> _WHAT NEEDS TO BE DONE_
Every line from the top of the records through the one bearing "- Alimentation: Eau Chaude (70°C)" is to be reproduced exactly, and pictures are to be left out.

##########

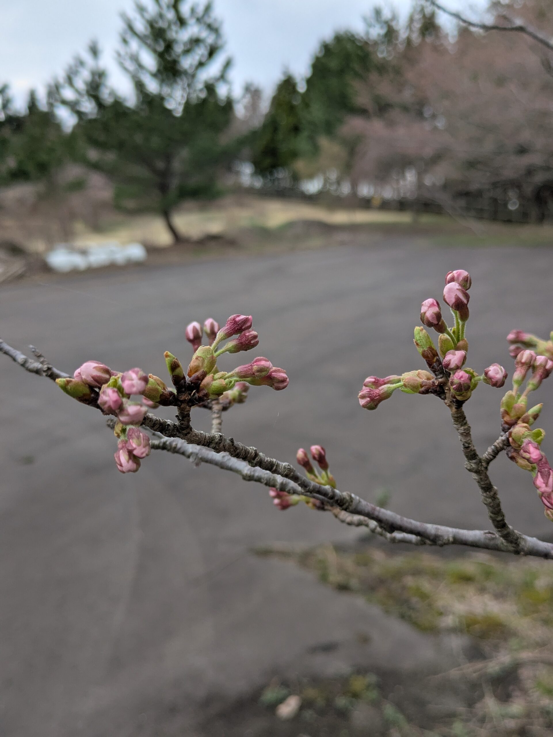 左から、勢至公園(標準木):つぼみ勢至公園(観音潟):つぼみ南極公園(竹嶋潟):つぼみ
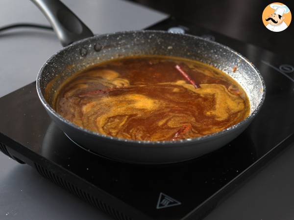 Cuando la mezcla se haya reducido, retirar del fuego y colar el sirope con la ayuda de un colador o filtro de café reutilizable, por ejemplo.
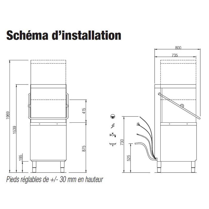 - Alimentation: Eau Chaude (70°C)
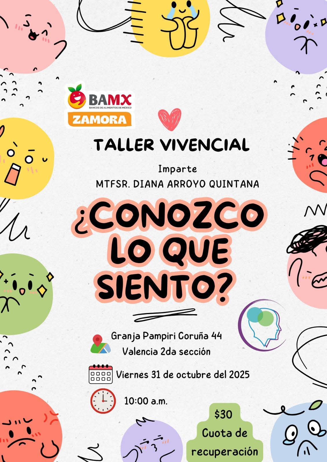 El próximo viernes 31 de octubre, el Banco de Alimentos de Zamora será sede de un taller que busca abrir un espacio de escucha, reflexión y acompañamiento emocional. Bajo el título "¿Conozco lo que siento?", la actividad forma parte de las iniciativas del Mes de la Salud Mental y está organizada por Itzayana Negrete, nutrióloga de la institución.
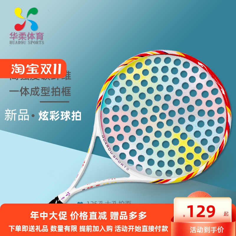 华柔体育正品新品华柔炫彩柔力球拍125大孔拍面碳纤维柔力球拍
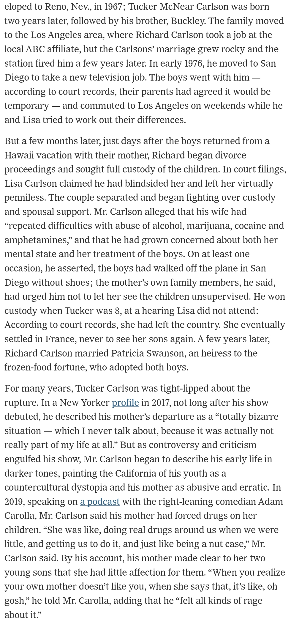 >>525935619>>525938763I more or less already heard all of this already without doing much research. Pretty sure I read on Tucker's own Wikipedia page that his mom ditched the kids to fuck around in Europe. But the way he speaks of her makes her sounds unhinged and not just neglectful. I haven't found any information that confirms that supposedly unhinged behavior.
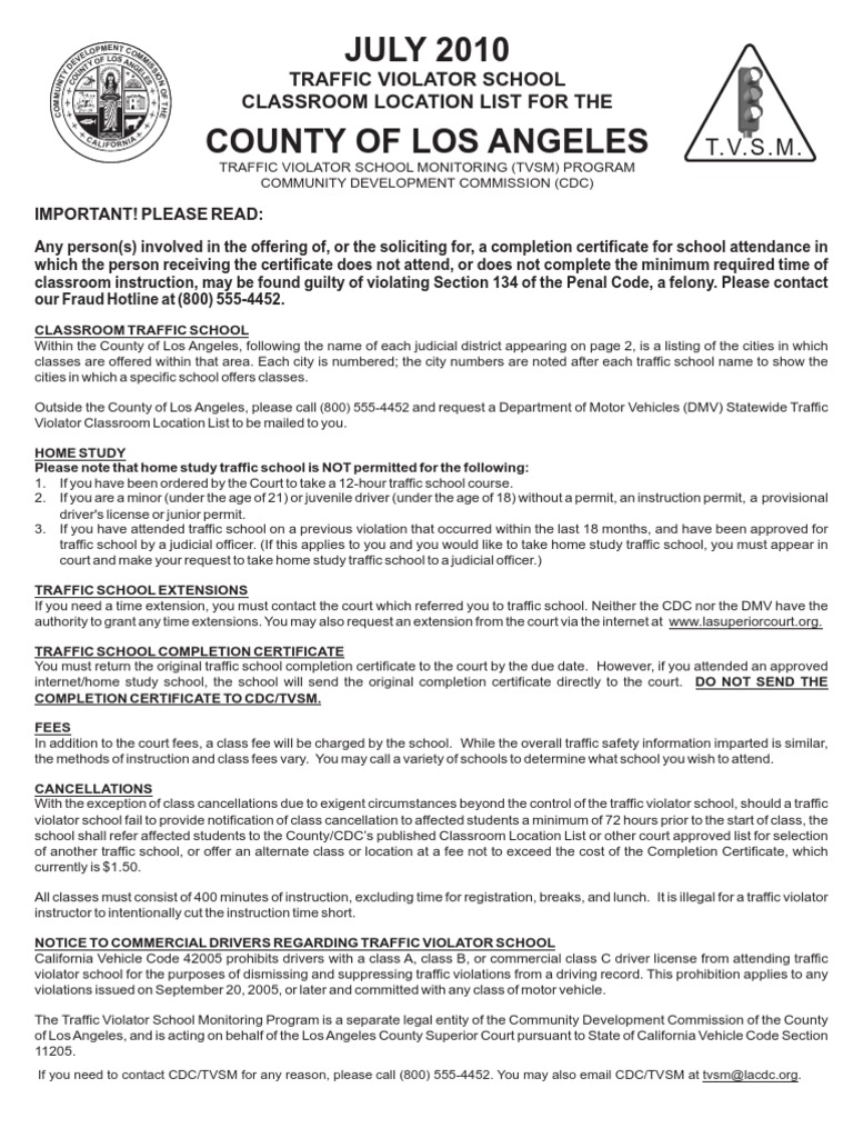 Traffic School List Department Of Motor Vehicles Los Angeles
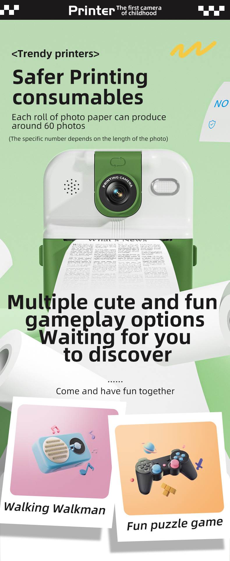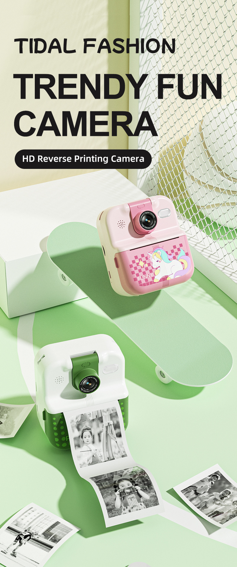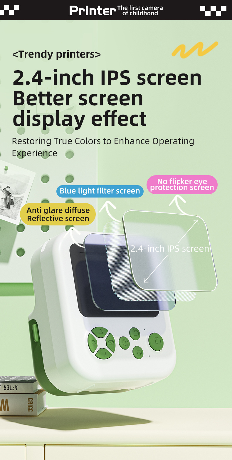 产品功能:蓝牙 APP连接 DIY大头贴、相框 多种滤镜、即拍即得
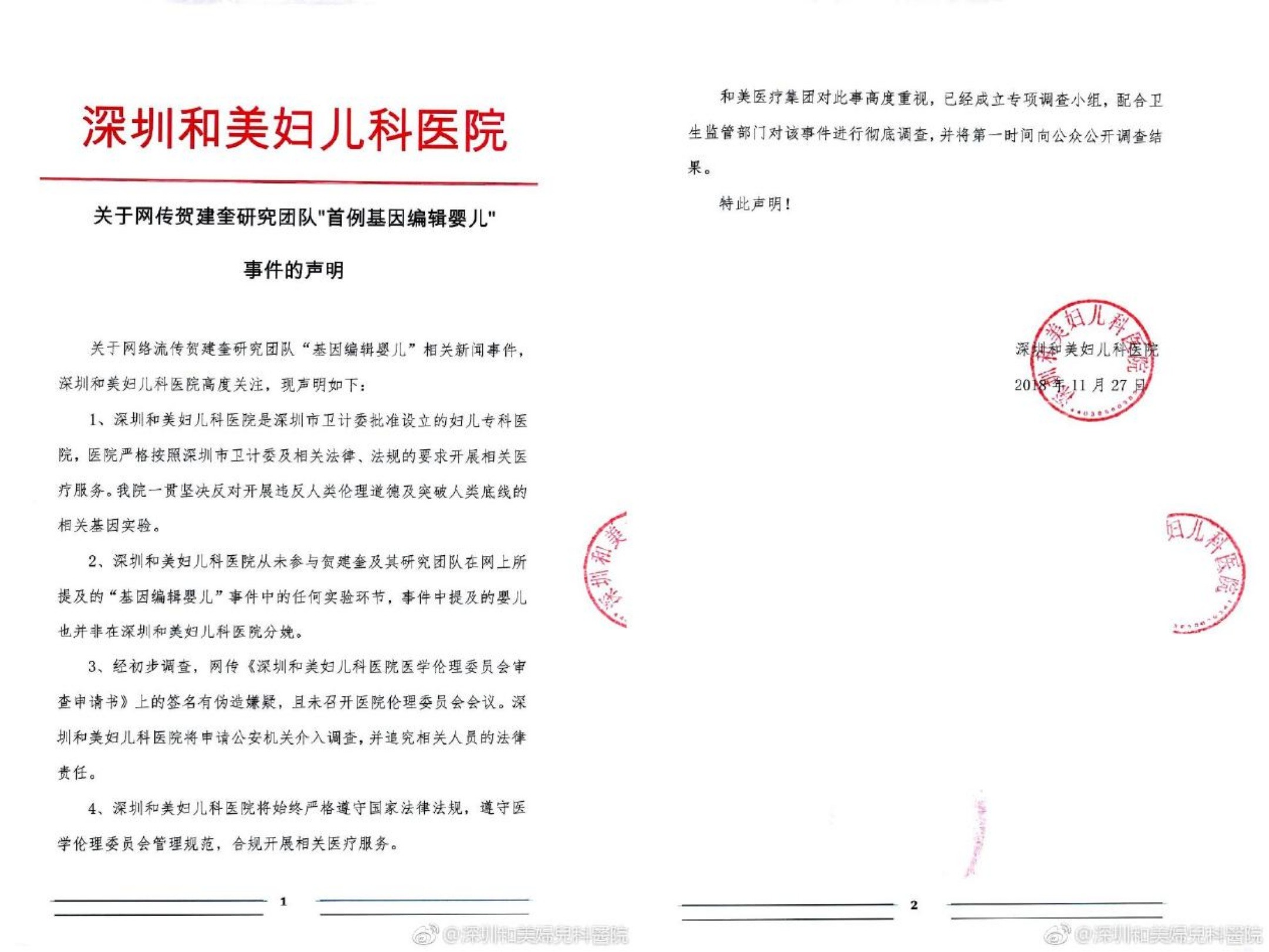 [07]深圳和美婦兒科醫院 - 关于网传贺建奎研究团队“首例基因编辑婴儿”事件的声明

##########

> _TASK ANSWER_
 左から、勢至公園(標準木):つぼみ勢至公園(観音潟):つぼみ南極公園(竹嶋潟):つぼみ
 Cuando la mezcla se haya reducido, retirar del fuego y colar el sirope con la ayuda de un colador o filtro de café reutilizable, por ejemplo.
 - Alimentation: Eau Chaude (70°C)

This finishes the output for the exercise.